● WHAT YOU NEED TO DO:
Please restate exactly the lines from the one holding "真正是一個(gè)新聞閱讀器" to the end of the material, including both ends and excluding every picture.
══════
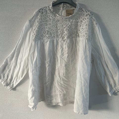ICHI bluse til kvinder i str. M. Blusen er hvid og fremstillet i bomuld. Modellen har lange ærmer og rund hals med knaplukning i nakken. Overdelen har blonde-/hulmønster øverst foran og ved halsen, som giver et let og luftigt udtryk. Velegnet til hverdagsbrug eller mere pæne anledninger afhængigt af styling.
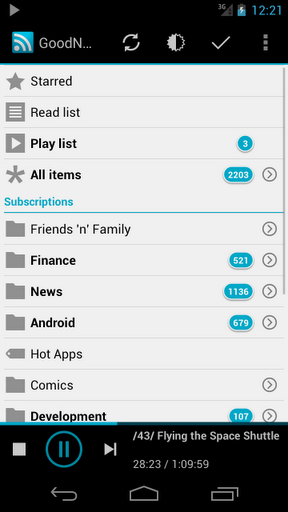 真正是一個(gè)新聞閱讀器(RSS/ATOM)和音頻播客播放器與著名的谷歌閱讀器完全同步。古德紐斯擁有現(xiàn)代化的用戶(hù)界面,它提供了大量的專(zhuān)業(yè)和獨(dú)特的新聞閱讀器的功能,包括離線支持(包括圖像),自動(dòng)推送的局部變化,閱讀的文章列表,訂閱分組列表,標(biāo)識(shí)出上滾動(dòng),自動(dòng)關(guān)閉視圖,音量鍵導(dǎo)航,多了不少。超過(guò)50個(gè)選項(xiàng),可讓您完全按照您的需求定制好的消息。
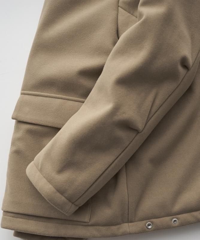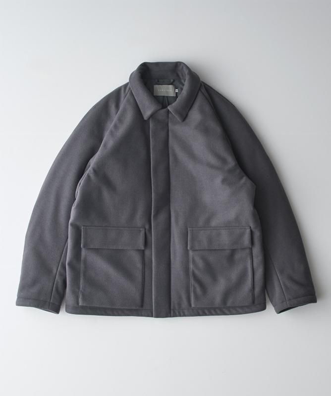メルトンライクな中肉ジャージーを用いたジップアップパフジャケット。吸湿発熱機能のあるリサイクルポリエステルをベースに、レーヨンとアクリルをブレンドする事でソフトな仕上がりになっています。中綿には発熱、蓄熱性、静電気抑止性の高い機能性素材コアブリッド™️を使用。シンプルなショート〜ミドル丈のラグランスリーブ、フロントはジップ+ドットボタンでダブル防寒仕様、ジップは軽量化のため樹脂製を使用しています。ウエストのフラップ付きパッチポケットには上からも横からも手が入れられます。襟はスナップダウン仕様なので落ち着きも良く、ドットボタンを全て隠したミニマルな仕上がりは、どんなコーディネートにも馴染みます。身頃裾も袖口もストレートなラインに仕上げていますが風や冷気が強い時はドットボタンを閉じてご着用ください。左胸内側にはジップ付きのシーム内ポケット、右身頃裏の裾には大きめのパッチ内ポケット付き。
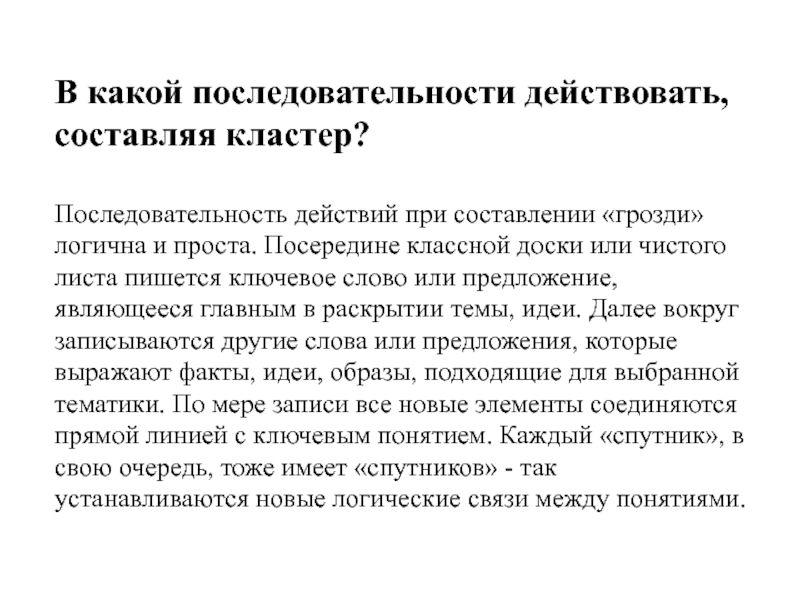 Слайд 11В какой последовательности действовать, составляя кластер?
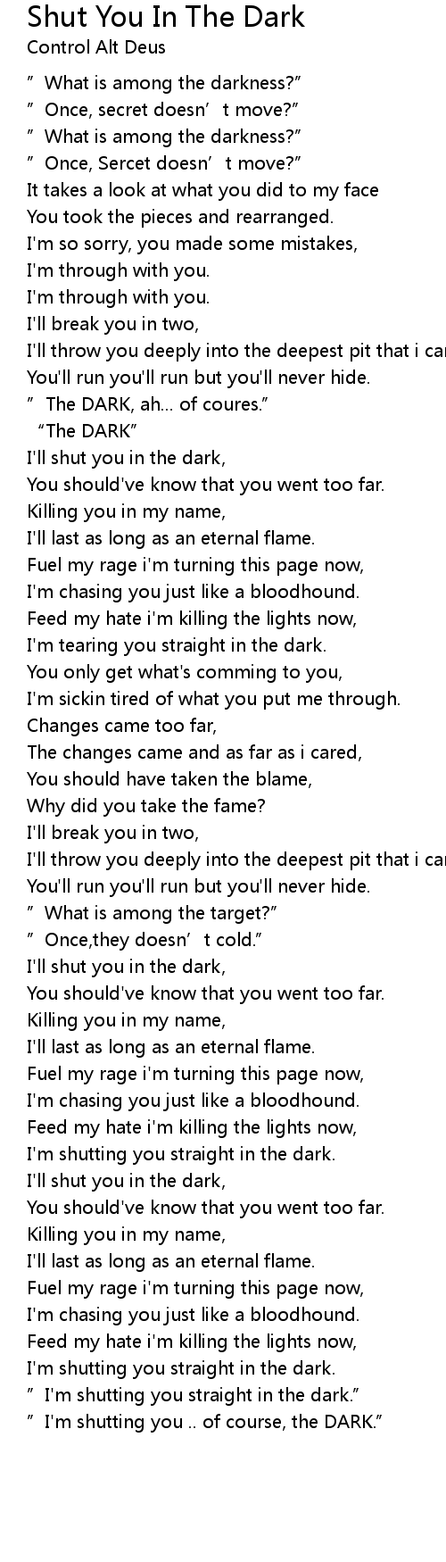 | [05:09.282] | " I' m shutting you straight in the dark." |
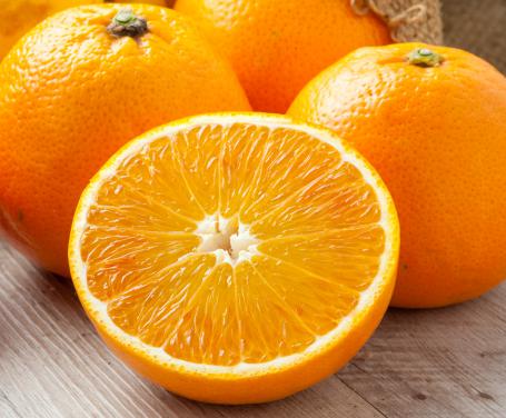 Polpa color arancio, molto succosa e priva di semi. Buccia di medio spessore, color giallo arancio.
══════
● RESULT OF THE EXERCISE:
 真正是一個(gè)新聞閱讀器(RSS/ATOM)和音頻播客播放器與著名的谷歌閱讀器完全同步。古德紐斯擁有現(xiàn)代化的用戶(hù)界面,它提供了大量的專(zhuān)業(yè)和獨(dú)特的新聞閱讀器的功能,包括離線支持(包括圖像),自動(dòng)推送的局部變化,閱讀的文章列表,訂閱分組列表,標(biāo)識(shí)出上滾動(dòng),自動(dòng)關(guān)閉視圖,音量鍵導(dǎo)航,多了不少。超過(guò)50個(gè)選項(xiàng),可讓您完全按照您的需求定制好的消息。
メルトンライクな中肉ジャージーを用いたジップアップパフジャケット。吸湿発熱機能のあるリサイクルポリエステルをベースに、レーヨンとアクリルをブレンドする事でソフトな仕上がりになっています。中綿には発熱、蓄熱性、静電気抑止性の高い機能性素材コアブリッド™️を使用。シンプルなショート〜ミドル丈のラグランスリーブ、フロントはジップ+ドットボタンでダブル防寒仕様、ジップは軽量化のため樹脂製を使用しています。ウエストのフラップ付きパッチポケットには上からも横からも手が入れられます。襟はスナップダウン仕様なので落ち着きも良く、ドットボタンを全て隠したミニマルな仕上がりは、どんなコーディネートにも馴染みます。身頃裾も袖口もストレートなラインに仕上げていますが風や冷気が強い時はドットボタンを閉じてご着用ください。左胸内側にはジップ付きのシーム内ポケット、右身頃裏の裾には大きめのパッチ内ポケット付き。
 Слайд 11В какой последовательности действовать, составляя кластер?
 | [05:09.282] | " I' m shutting you straight in the dark." |
 Polpa color arancio, molto succosa e priva di semi. Buccia di medio spessore, color giallo arancio.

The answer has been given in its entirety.